For each product, you have a different use of materials, a different selling price, and a different time to assemble them. Additionally, there are costs for the materials. Finally, Javier assumes that having variety is good for business, so he wants at least some amount of each product.

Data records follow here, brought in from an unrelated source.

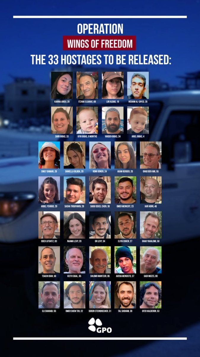 Ізраїль оприлюднив фото 33 заручників, яких мають звільнити на першому етапі
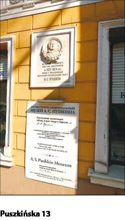 Kamienica pod numerem 13 stała się poniekąd sprawczynią tego, że ulica zmieniła nazwę z Włoskiej na Puszkińską. Była ona wybudowana w 1821 roku i początkowo znajdował się w niej hotel Du Nord, w którym na miesiąc, po przybyciu do Odessy 3 lipca 1823 roku, zatrzymał się Aleksander Puszkin. Obecnie znajduje się w nim muzeum im. Puszkina, które otwarto 18 lipca 1961 roku. Przed kamienicą 4 czerwca 1999 roku postawiono pomnik wielkiego rosyjskiego poety. Puszkin Aleksander Siergiejewicz był jednym z najwybitniejszych rosyjskich pisarzy i przedstawicieli romantyzmu rosyjskiego oraz klasyków literatury rosyjskiej.
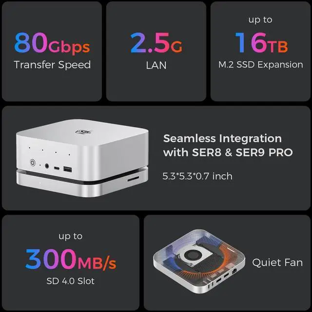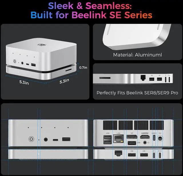 Series Mini PCs: Featuring a sleek aluminum alloy shell, the Mate SE-A seamlessly integrates with Beelink SER8/SER9 PRO. Its ultra-slim profile( 5.315 x 5.315 x 0.709 in) and minimalist design create a space-saving setup ^^
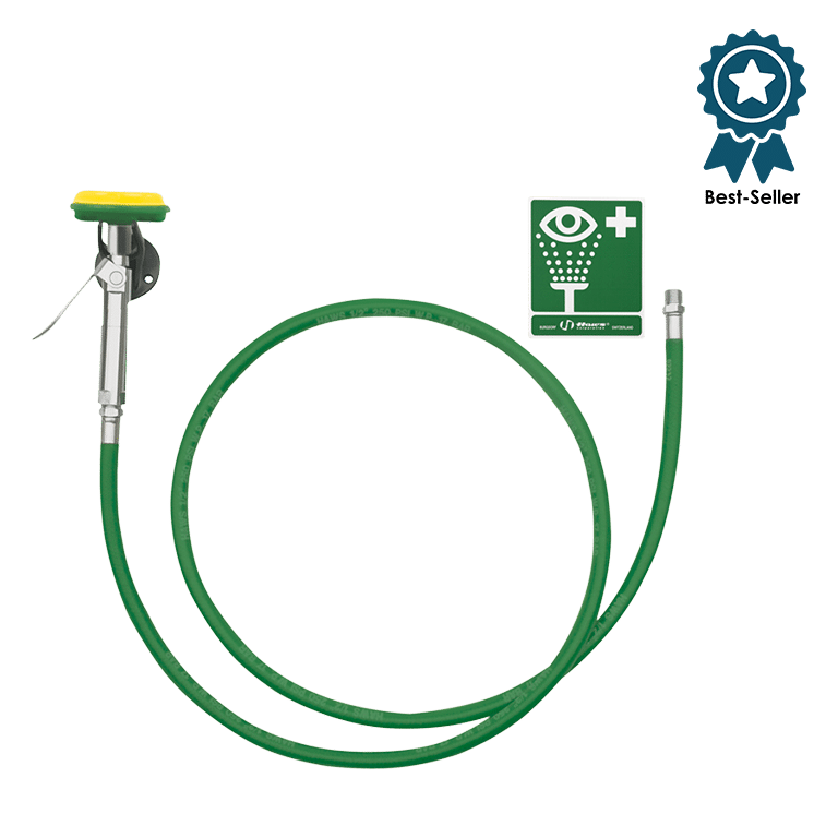 La Haws® 8901B AXION est une douche corporelle murale avec tuyau flexible, conçue pour un rinçage ciblé en cas de décontamination d'urgence. Elle permet des premiers soins efficaces pour le corps, le visage et les yeux grâce à un jet d'eau doux et contrôlé via sa tête AXION®.
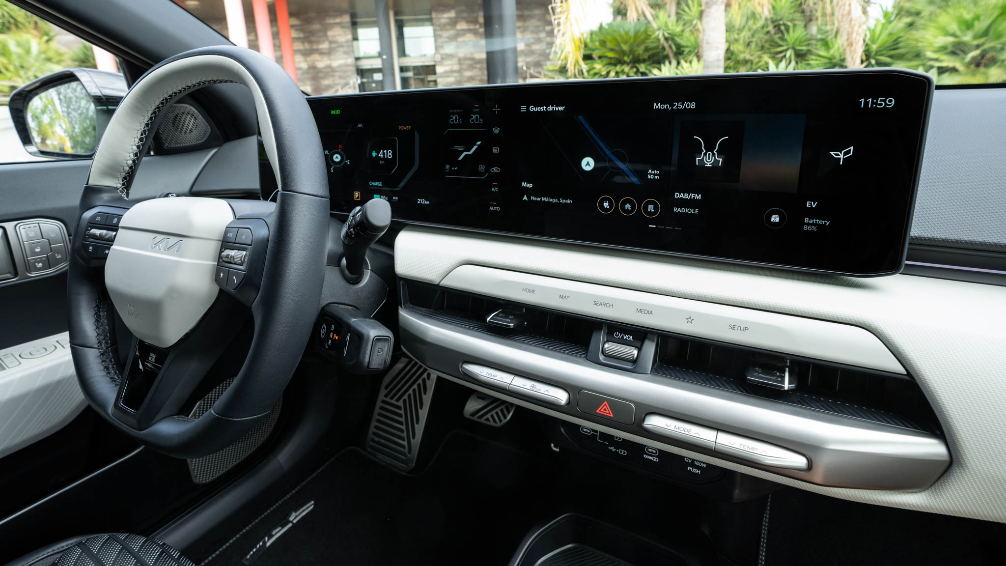 Serienmäßig ist der EV4 bereits in der Basisversion Air ordentlich ausgestattet. Dazu gehören Apple CarPlay und Android Auto (beide kabellos), digitaler Radioempfang (DAB+), eine Kia-Kartennavigation mit zwei kostenlosen Over-the-Air-Updates und ein KI-basierter Sprachassistent, der im ersten Jahr kostenlos ist.

These values can be seen in the video.

## Modeling

The way that Javier learned to model was using the Sets, Parameters, and Variables.

**Sets**:

- Products: $p \in \mathcal{P}$
- Materials: $m \in \mathcal{M}$

**Parameters**:

Name | Unit | Identifier | Set |
---|---|---|---|

Time availability | h | $\text{time_available}$ | |

Product $p$ selling price | € / unit | $\text{selling_price}_p$ | $p \in \mathcal{P}$ |

Material $m$ cost | € / [$m$] | $\text{material_cost}_m$ | $m \in \mathcal{M}$ |

Hours to assemble product $p$ | h / unit | $\text{assemble_time}_p$ | $p \in \mathcal{P}$ |

Minimum production of product $p$ | unit | $\text{min_prod}_p$ | $p \in \mathcal{P}$ |

Amount of $m$ per unit of $p$ | [$m$] / unit | $\text{mat_per_prod}_{p,m}$ | $p \in \mathcal{P}, m \in \mathcal{M}$ |

**Variables**:

- Amount of product $p$ assembled and sold (unit): $\text{prod}_p, \quad p \in \mathcal{P}$

**Expressions**:

Revenue: $$\text{revenue} = \sum_{p \in \mathcal{P}} \text{selling_price}_p \times \text{prod}_p$$

Total Used Material: $$\text{total_used_material}_m = \sum_{p \in \mathcal{P}} \text{mat_per_prod}_{p,m} \times \text{prod}_p, \quad m \in \mathcal{M}$$

Total Material Cost: $$\text{total_material_cost} = \sum_{m \in \mathcal{M}} \text{total_used_mat}_m \times \text{material_cost}_m, \quad m \in \mathcal{M}$$

Time expenditure: $$\text{time_spent} = \sum_{p \in \mathcal{P}} \text{assemble_time}_p \times \text{prod}_p$$

**Objective**:

- Maximize profit: $$\text{maximize} \quad \text{revenue} - \text{total_material_cost}$$

**Constraints**:

- Time Availability: $$\text{spent_time} \leq \text{time_available}$$
- Minimum production: $$\text{prod}_p \geq \text{min_prod}_p, \quad p \in \mathcal{P}$$
- Integer production: $$\text{prod}_p \in \mathbb{Z}$$

## Code

The code below needs data to work, so check the video or the code (links in the top).

```
using JuMP, Cbc
function optimize_production(time_availability)
model = Model(Cbc.Optimizer)
set_attribute(model, "logLevel", 0)
products_index = Dict(p => i for (i, p) in enumerate(products))
materials_index = Dict(m => i for (i, m) in enumerate(materials))
@variable(model,
prod[p=products] ≥ min_prod[products_index[p]],
Int
)
@expression(model,
total_used_material[m=materials],
sum(
material_per_product[products_index[p], materials_index[m]] * prod[p]
for p in products
)
)
# total_mat_cost = sum(
# total_used_material[m] * material_cost[m]
# for m, _ in enumerate(materials)
# )
total_mat_cost = sum(total_used_material .* material_cost)
# total_mat_cost = dot(total_used_material, material_cost)
revenue = sum(prod .* selling_price)
profit = revenue - total_mat_cost
time_expenditure = sum(hours_to_assemble .* prod)
@objective(model, Max, profit)
@constraint(model, time_expenditure ≤ time_availability)
optimize!(model)
return [value(prod[p]) for p in products], objective_value(model), model
end
```

## Results

Running this code for different time availabilities, we get the following plots:

The actual values only make sense within the context of the prices, so I won’t show them here. What is interesting, though, is that you can see the nonlinearity of the profit with respect to time availability. If you only worked with linear programming before, it is often surprising how “simply” forcing the variables to be integer lead to such cases.